Well-managed and sustainable international trade greatly contributes to livelihoods and the conservation of marine species. The sustainable harvesting and trade in corals in Indonesia, which boasts the highest coral diversity in the world, has not only improved the livelihoods of coastal communities but also prevented over-exploitation due to CITES trade controls.

We are all striving to achieve the same objective of sustainability: for people and planet – where wildlife, be it terrestrial or marine, can thrive in the wild while also benefiting people. We, here at CITES, will continue to work tirelessly to ensure international trade in CITES-listed marine species is sustainable and support our Parties in implementing science-based management.


On 20 December 2013, at its 68th session, the United Nations General Assembly (UNGA) proclaimed 3 March, the day of signature of the Convention on International Trade in Endangered Species of Wild Fauna and Flora (CITES), as UN World Wildlife Day to celebrate and raise awareness of the world’s wild animals and plants. The UNGA resolution also designated the CITES Secretariat as the facilitator for the global observance of this special day for wildlife on the UN calendar. World Wildlife Day has now become the most important global annual event dedicated to wildlife.

World Wildlife Day will be celebrated in 2019 under the theme “Life below water: for people and planet", which aligns with goal 14 of UN Sustainable Development Goals.

The ocean contains nearly 200,000 identified species, but actual numbers may be in the millions. Globally, the market value of marine and coastal resources and industries is estimated at US$3 trillion per year, about 5% of global GDP. Over three billion people depend on marine and coastal biodiversity for their livelihoods. Marine wildlife has sustained human civilization and development for millennia, from providing food and nourishment, to material for handicraft and construction. It has also enriched our lives culturally, spiritually, and recreationally in different ways.

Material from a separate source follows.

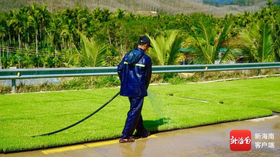 南海网、新海南客户端2月10日消息(记者 余育桑)春节将至,海南五指山番阳镇的育秧基地里,农忙气息正浓,基地负责人邢海涛手持水管,专注地浇灌着上周培育的秧苗。水珠在嫩绿的秧苗上跳跃,折射出晶莹的光芒。

The capacity of life below water to provide these services is severely impacted, as our planet’s oceans and the species that live within it are under assault from an onslaught of threats. As much as 40% of the ocean is now heavily affected by the most significant and direct threat of over exploitation of marine species as well as other threats such as pollution, loss of coastal habitats and climate change. These threats have a strong impact on the lives and livelihoods of those who depend on marine ecosystem services, particularly women and men in coastal communities.

This is the first World Wildlife Day to focus on life below water. It is a great opportunity to raise awareness about the breathtaking diversity of marine life, the crucial importance of marine species to human development, and how we can make sure it will continue to provide these services for future generations.